- _EXERCISE BRIEF_: Starting at the line below with "Alchemy’s Fairy Cat" and stopping at the line with "Air Canada’s real-time", please print each line exactly, those two included, and skip every picture.
━━ DATA EXTRACT
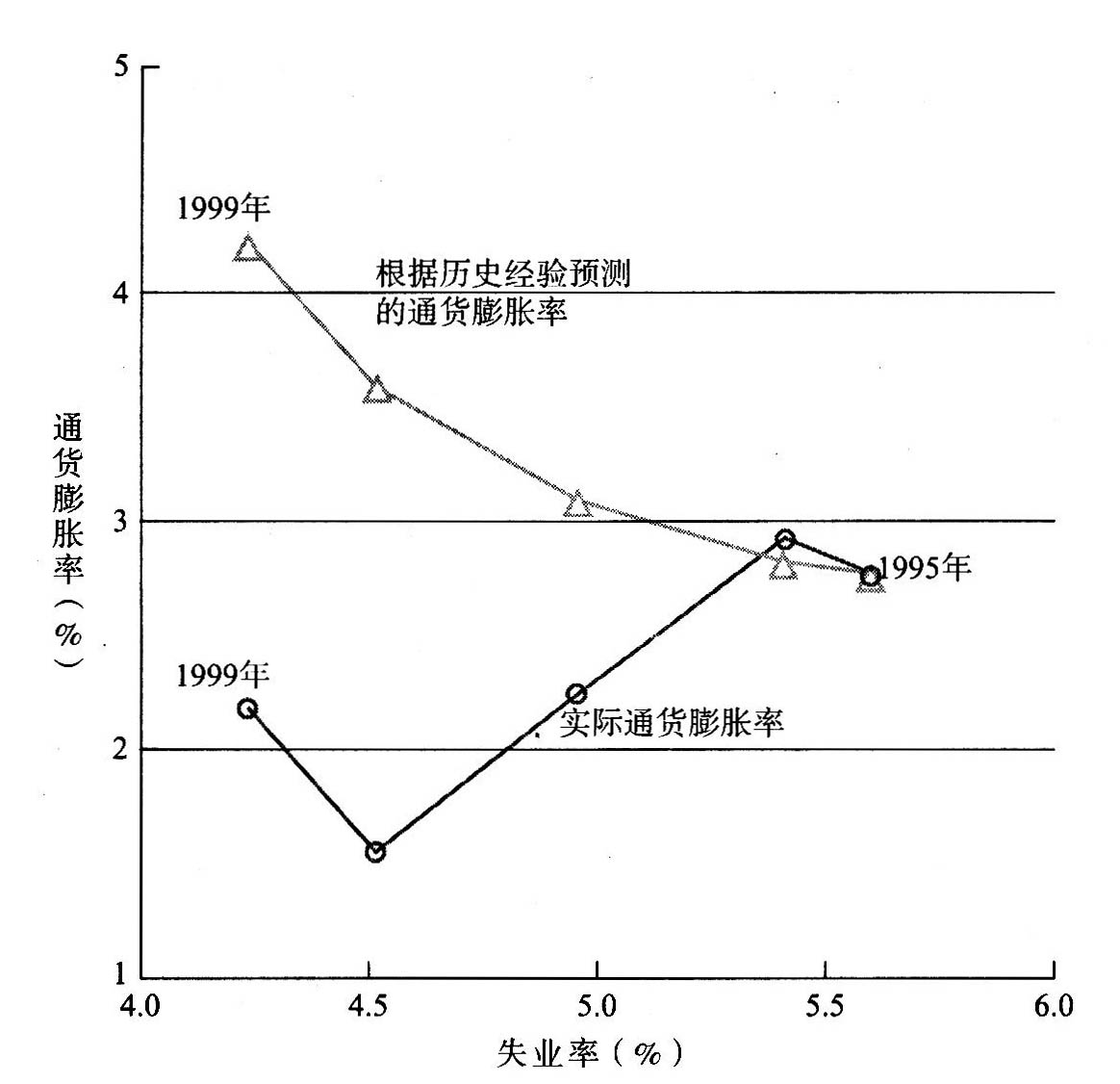 我们可以用菲利普斯曲线来解释这种估算。如果菲利普斯曲线相对比较平坦,则降低通货膨胀率就要以较高的失业率和产出损失为代价;而如果菲利普斯曲线比较陡峭,则失业率的小幅上升就会带来通货膨胀率的快速下降,因而相对来说,降低通货膨胀率的代价就比较小。统计分析表明,当失业率在一年当中高于非加速通货膨胀的失业率1个百分点,而后又回复到原来的非加速通货膨胀的失业率的时候,通货膨胀率将会下降大约0.5个百分点。因此,若要使通货膨胀率降低整整1个百分点,失业率就须在一年内持续地高于非加速通货膨胀的失业率2个百分点。
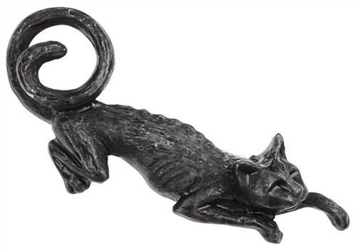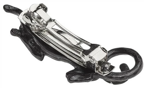 Alchemy’s Fairy Cat Sith Hairslide / Grip is 50mm long black pewter cat in stalking position, fully 3D modelled, with a 25mm (1″) spring steel grip beneath.
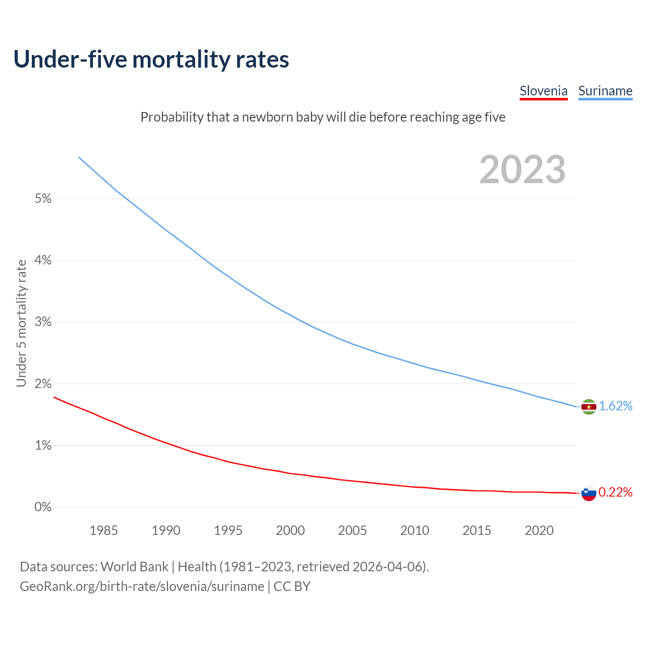 The chance that a newborn baby will die before reaching age five is 0.22% in Slovenia and 1.62% in Suriname. Above is a chart with historical data on under-five mortality rates.
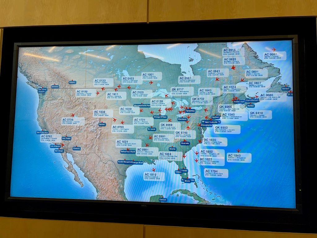 Air Canada’s real-time flight operations are seen on this real-time flight monitor on August 28, 2023.
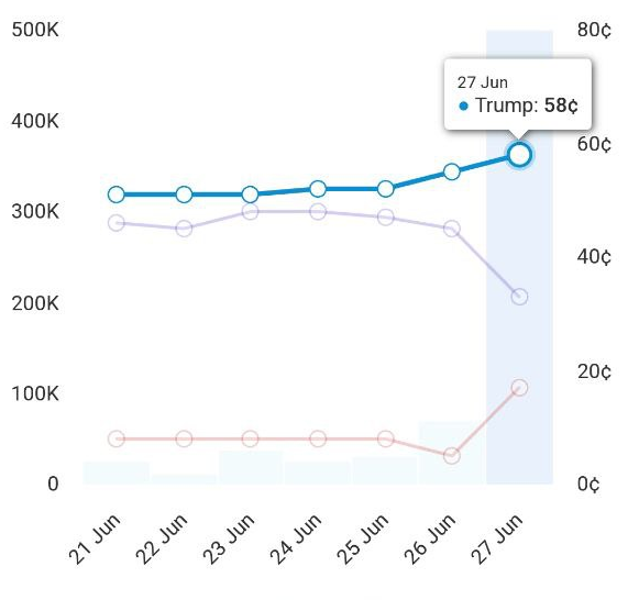 Зрителям выступления кандидатов на пост главы Америки показались хаотичными и напряженными. Тем не менее в политической гонке появился явный лидер. На это указывают результаты рынка ставок, о которых мы поговорим чуть позже.
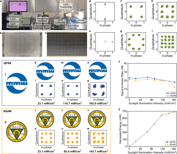 東南大學 Tie Jun Cui、Wei Xiang Jiang 團隊提出了一種太陽能供電的光調制微波可編程超表面 (SLMPM),它集成了一個光伏模塊,可以同時獲取調制光的信息和陽光的能量。這種 SLMPM 能夠在陽光直射下實現從光到微波領域的直接、實時和可靠的信息傳輸,并可以靈活地實施各種調制方案。它的低功耗和板載能量收集能力允許在 8 小時的單一陽光能量輸入下進行 24 小時的光到微波信息傳輸。作者展示了一種用于實時圖像傳輸的混合無線通信系統,以體現 SLMPM 的突出特點。作者相信 SLMPM 可以為未來無線通信的可持續(xù)發(fā)展做出貢獻,使其更具成本效益、節(jié)能、環(huán)保和無處不在。
━━━━
- _EXERCISE ANSWER_:
 Alchemy’s Fairy Cat Sith Hairslide / Grip is 50mm long black pewter cat in stalking position, fully 3D modelled, with a 25mm (1″) spring steel grip beneath.
 The chance that a newborn baby will die before reaching age five is 0.22% in Slovenia and 1.62% in Suriname. Above is a chart with historical data on under-five mortality rates.
 Air Canada’s real-time flight operations are seen on this real-time flight monitor on August 28, 2023.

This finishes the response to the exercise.